++++ Extracted data ++++

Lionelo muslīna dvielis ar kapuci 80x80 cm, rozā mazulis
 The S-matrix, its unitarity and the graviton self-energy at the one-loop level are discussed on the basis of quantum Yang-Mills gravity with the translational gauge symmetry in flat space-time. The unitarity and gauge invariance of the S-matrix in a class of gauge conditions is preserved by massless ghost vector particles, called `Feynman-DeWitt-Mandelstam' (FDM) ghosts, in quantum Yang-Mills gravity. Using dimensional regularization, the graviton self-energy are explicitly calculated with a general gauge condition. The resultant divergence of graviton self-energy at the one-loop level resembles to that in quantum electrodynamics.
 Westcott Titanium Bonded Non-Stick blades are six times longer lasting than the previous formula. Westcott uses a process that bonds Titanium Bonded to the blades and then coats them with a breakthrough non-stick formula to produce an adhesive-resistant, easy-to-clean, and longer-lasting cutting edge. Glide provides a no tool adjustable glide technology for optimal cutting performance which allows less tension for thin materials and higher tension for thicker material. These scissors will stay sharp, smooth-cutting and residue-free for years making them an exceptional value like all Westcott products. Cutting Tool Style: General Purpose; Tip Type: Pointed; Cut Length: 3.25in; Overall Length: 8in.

++++
++++ Extracted data ++++

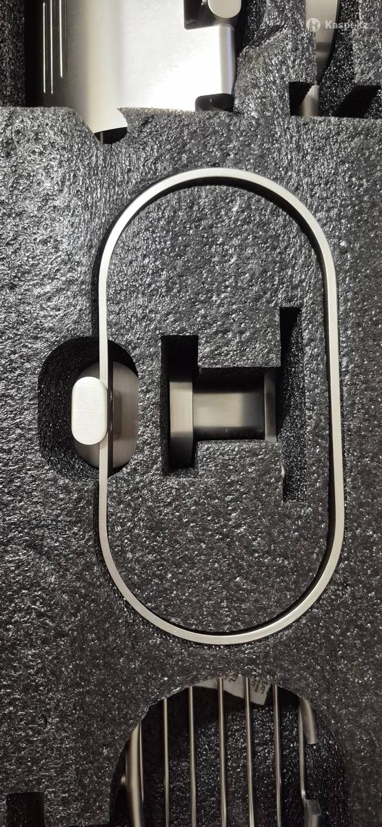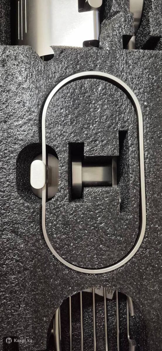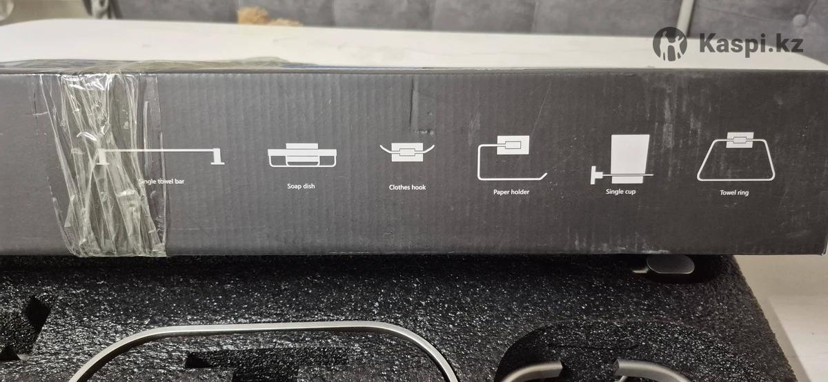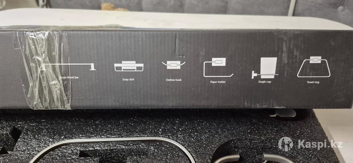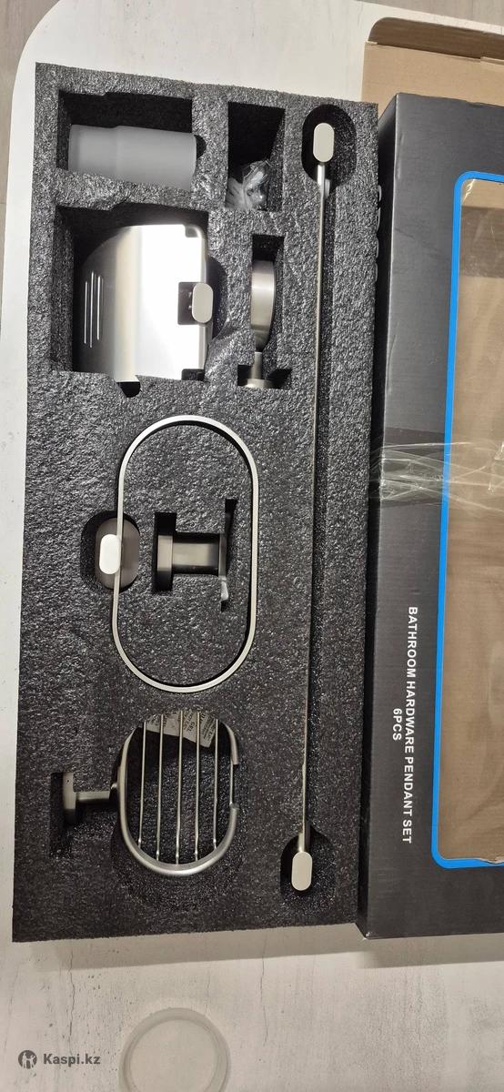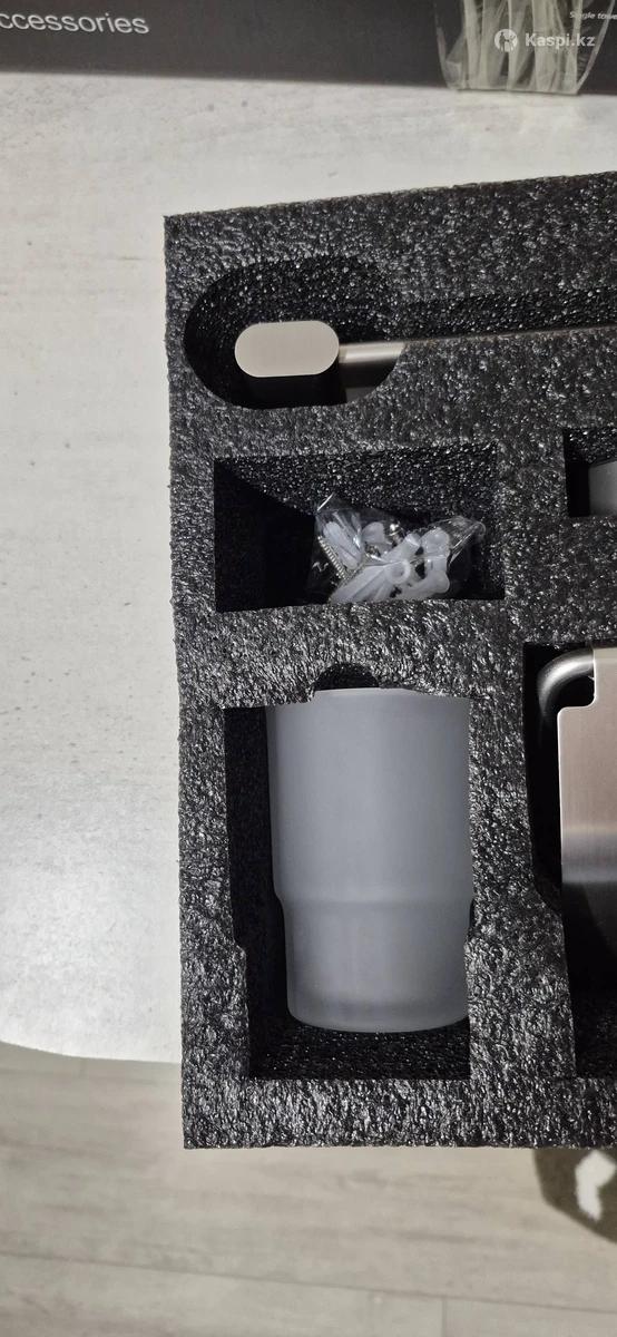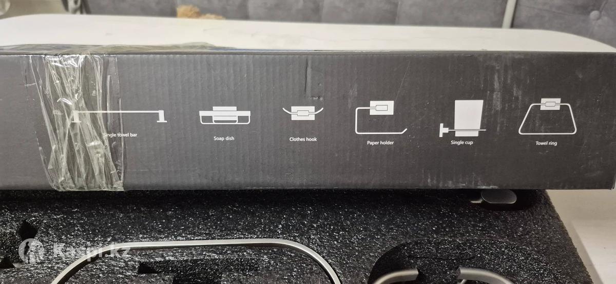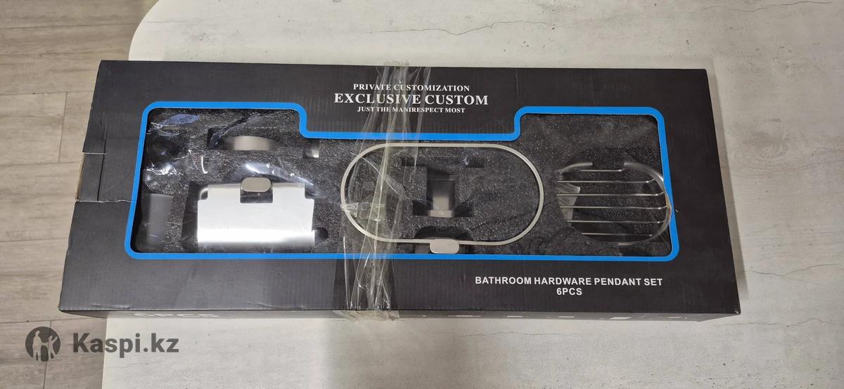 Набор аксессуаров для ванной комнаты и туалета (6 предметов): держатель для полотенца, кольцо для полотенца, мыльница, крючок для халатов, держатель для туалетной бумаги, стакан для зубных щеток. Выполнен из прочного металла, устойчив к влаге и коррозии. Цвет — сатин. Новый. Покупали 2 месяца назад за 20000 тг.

++++
++++ Extracted data ++++

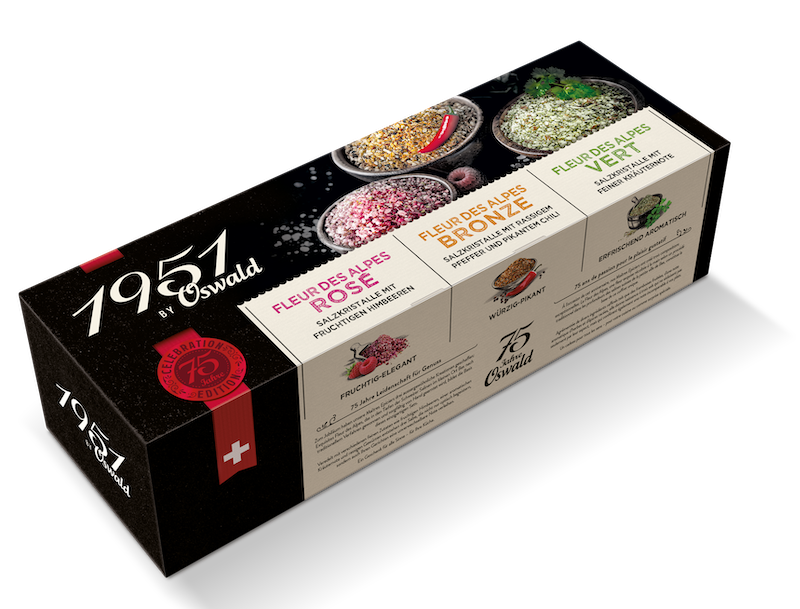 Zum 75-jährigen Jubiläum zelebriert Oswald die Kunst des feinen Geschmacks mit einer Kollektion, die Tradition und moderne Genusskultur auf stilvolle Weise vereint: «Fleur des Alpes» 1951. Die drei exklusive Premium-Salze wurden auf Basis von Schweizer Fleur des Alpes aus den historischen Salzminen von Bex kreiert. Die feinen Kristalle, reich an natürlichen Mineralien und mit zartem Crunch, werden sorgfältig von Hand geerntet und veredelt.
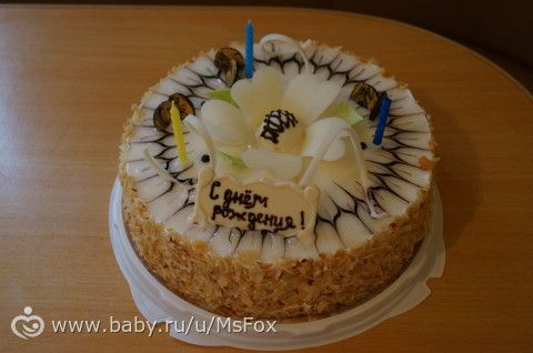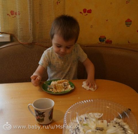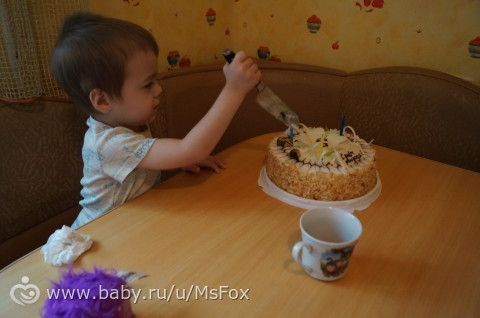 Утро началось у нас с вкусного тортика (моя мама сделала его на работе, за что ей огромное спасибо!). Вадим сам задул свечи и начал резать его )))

++++

» **Your goal**
If a line in the records holds the word "with", count it, then give only the total.

» **Response to this task**
2